Harper Collins and some numbers

126

Yep, that’s right. 126 books, or just about .03079% of our collection. Looking at the titles, that’s even including multiple copies of the same work (we have three copies of A rhetoric and composition handbook that are all on the list of >26, for example).

If you add the total number of times these books circulated, and divide each by 26 to determine how many additional books the library would have had to purchase IF they had all been eBooks under the Harper Collins rules, my library would have had to purchase an additional 148 books in order to meet the demand. That’s under 15 titles a year, on average. I don’t have average costs of Harper Collins ebooks handy, but if they followed the Amazon pricing model for eBooks, they would be between $9.99 and $14.99 each. Let’s split the difference and call the average price $12.99…that means my library would have to find an extra $194.85 a year to keep up.

I understand that eBook have the potential to circulate more often than print…the decrease in access time alone should push them to be more popular choices, if what we’ve seen happen to our print journals is any indication. I also know that one small academic library is the equivalent of anecdata in the grand scheme of libraries. But if we don’t look at numbers, and only look at rhetoric, I think we’re doing ourselves a disservice.

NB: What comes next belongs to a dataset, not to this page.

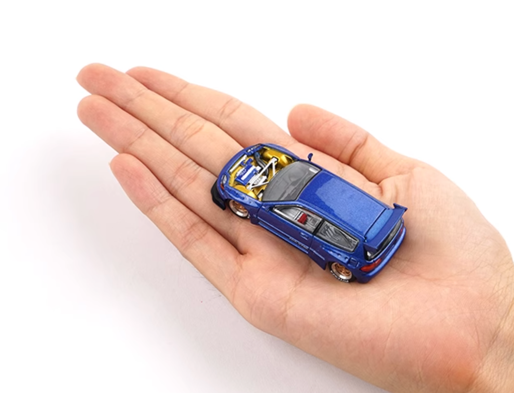 Poprace 1:64 Blue Civic EG6 Pandem Hoodless Sports Model Diecast Metal Car New Collection

I still disagree with Harper Collins new eBook rules, but for a lot of reasons that don’t necessarily come down to “it’s horrible for my library”. It is, I think, a bad idea to change the rules of the game midstream, at least without a lot of input from all the concerned parties (and no, I don’t actually think that a lot of libraries were consulted about this change). But it’s also a bad idea, as I’ve said a few times now, to just assume that the digital needs to act like the physical. We need to find new ways of dealing with these things, and I hope that situations like #hcod are just growing pains.